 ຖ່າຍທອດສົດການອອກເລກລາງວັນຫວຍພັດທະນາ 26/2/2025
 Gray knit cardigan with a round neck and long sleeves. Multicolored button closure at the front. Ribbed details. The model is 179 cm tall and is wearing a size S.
==
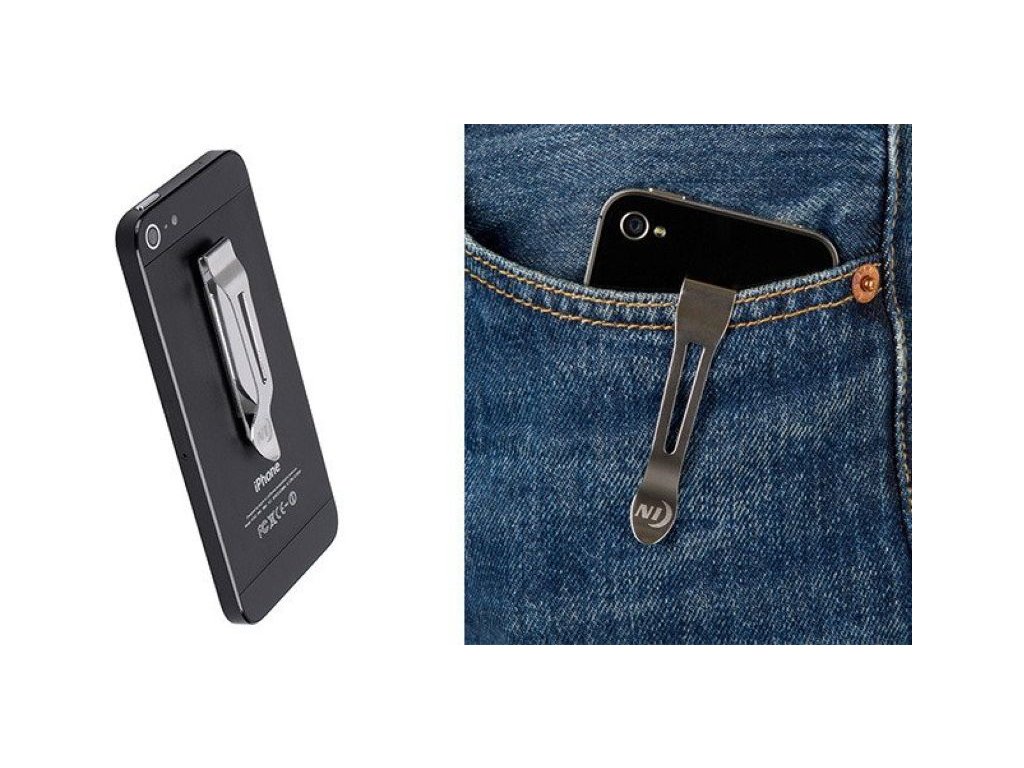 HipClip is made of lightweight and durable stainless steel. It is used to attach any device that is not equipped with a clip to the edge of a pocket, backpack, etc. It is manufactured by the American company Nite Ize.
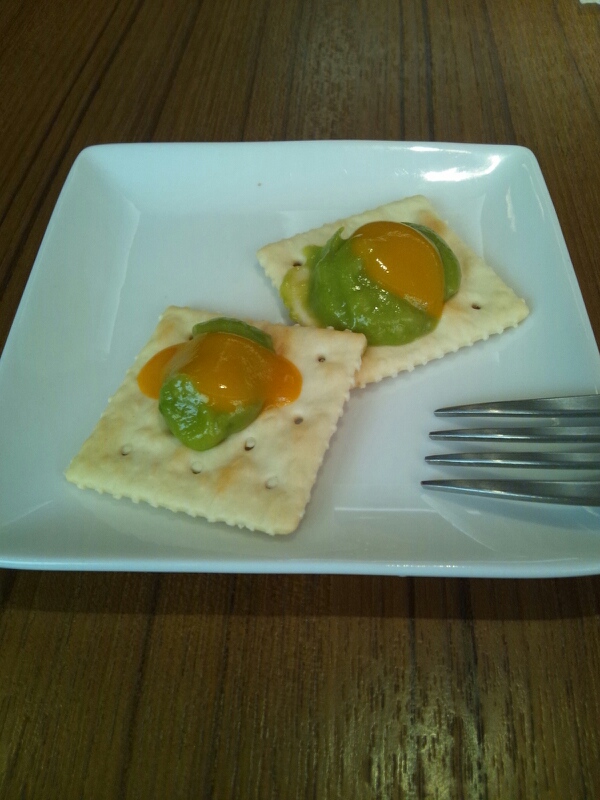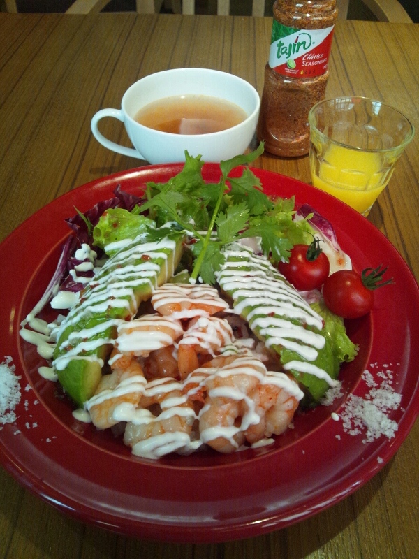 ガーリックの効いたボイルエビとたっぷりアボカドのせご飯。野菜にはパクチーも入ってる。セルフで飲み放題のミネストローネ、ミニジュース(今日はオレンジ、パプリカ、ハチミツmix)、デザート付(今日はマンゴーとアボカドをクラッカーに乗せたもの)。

PROBLEM STATEMENT:
Each line in the entries above, starting at the line with "ຖ່າຍທອດສົດການອ" and ending at the line with "Gray knit cardigan", is to be printed exactly, and only those lines.

RESPONSE:
 ຖ່າຍທອດສົດການອອກເລກລາງວັນຫວຍພັດທະນາ 26/2/2025
 Gray knit cardigan with a round neck and long sleeves. Multicolored button closure at the front. Ribbed details. The model is 179 cm tall and is wearing a size S.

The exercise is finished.